Je pensai aussitôt : Patientibus Carus sed Clarus inter doctos, et n’osai l’écrire[14]

Il y a des instants où je suis d’une rare stupidité.

Un compositeur virtuose tel que vous, mon cher Heller, s’intéresse vivement à tout ce qui se rattache à son art ; je trouve donc fort naturel que vous m’ayez adressé tant de questions au sujet des richesses musicales de Leipzig ; je répondrai laconiquement à quelques-unes. Vous me demandez si la grande pianiste Mme Clara Schuman a quelque rivale en Allemagne qu’on puisse décemment lui opposer ?

Je ne crois pas.

Vous me priez de vous dire si le sentiment musical des grosses têtes de Leipzig est bon, ou tout au moins porté vers ce que vous et moi nous appelons le beau ?

Je ne veux pas.

S’il est vrai que l’acte de foi de tout ce qui prétend aimer l’art élevé et sérieux soit celui-ci : « Il n’y pas d’autre Dieu que Bach, et Mendelssohn est son prophète ? »

Je ne dois pas.

Si le théâtre est bien composé, et si le public a grand tort de s’amuser aux petits opéras de Lortzing qu’on y représente souvent ?

Je ne puis pas.

Si j’ai lu ou entendu quelques-unes de ces anciennes messes à cinq voix, avec basse continue, qu’on prise si fort à Leipzig ?

Je ne sais pas.

Adieu, continuez à écrire de beaux caprices comme vos deux derniers, et que Dieu vous garde des fugues à quatre sujets sur un choral.


À ERNST


cinquième lettre
Dresde


Vous m’aviez bien recommandé, mon cher Ernst, de ne pas m’arrêter dans les petites villes en parcourant l’Allemagne, m’assurant que les capitales seulement m’offriraient les moyens d’exécution nécessaires à mes concerts.

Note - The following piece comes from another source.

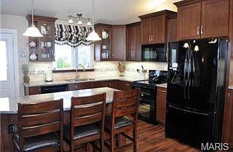 AMAZING KITCHEN! THAT'S NOT ALL!! This 1600+ sq ft open floor plan has 3 Bdrms on the main flr;Mstr Bdrm Suite w/Full Bath w/sep tub & shower.Gorgeous flooring in Kit & lg Dining Rm area.Kitchen has been totally gutted w/NEW EVERYTHING including granite countertops,tumbled marble backsplash,new 42 inch cabs,over & under cabinet lighting,center island, planning desk,glass front panel,pendulum lighting over & electric on island,b-in micro,dw & elec stove.Mn floor Fam Room w/bay window.Main flr laundry w/storage cabs & ceramic tile flooring currently being used as mudroom (laundry hook-ups also in LL util rm).LL is finished w/WONDERFUL use of space - Fam/Rec Rom has b-in shelving/bookcases & berber carpet.Poss Bdrm PLUS a Full updtd Bath w/white ceramic & pedestal sink.Workout rm could be used as 5th Bdrm.Water heater 2 yrs new,water filtration system,new sump pump,approx 14x30 patio w/retractable patio cover.All this AND Seller offering a 1yr HSA home protection plan!

D’autres que vous encore et quelques critiques allemands m’avaient parlé dans le même sens, et m’ont reproché plus tard de n’avoir pas suivi leurs avis, et de n’être pas allé d’abord à Berlin ou à Vienne. Mais vous savez qu’il est toujours plus aisé de donner de bons conseils que de les suivre ; et, si je ne me suis pas conformé au plan de voyage qui paraissait a tout le monde le plus raisonnable, c’est que je n’ai pas pu. D’abord, je n’étais pas le maître de choisir le moment de mon voyage. Après avoir fait à Francfort une visite inutile, comme je l’ai dit je ne pouvais pas revenir sottement à Paris. J’aurais voulu partir pour Munich, mais une lettre de Baerman m’annonçait que mes concerts ne pouvaient avoir lieu dans cette ville qu’un mois plus tard, et Meyerbeer, de son côté m’écrivait que la reprise de plusieurs importants ouvrages allait occuper le théâtre de Berlin assez longtemps pour rendre ma présence en Prusse inutile à cette époque. Je ne devais pourtant pas rester oisif ; alors, plein du désir de connaître ce que possède d’institutions musicales votre harmonieuse patrie, je formai le projet de tout voir, de tout entendre, et de réduire beaucoup mes prétentions chorales et orchestrales, afin de pouvoir aussi me faire entendre presque partout. Je savais bien que dans les villes du second ordre je ne pourrais trouver le luxe musical exigé par la forme et par le style de quelques-unes de mes partitions ; mais je réservais celles-là pour la fin du voyage, elles devaient former le forte du crescendo ; et je pensais qu’à tout prendre, cette marche lentement progressive ne manquait ni de prudence ni d’un certain intérêt. En tout cas, je n’ai pas à me repentir de l’avoir suivie.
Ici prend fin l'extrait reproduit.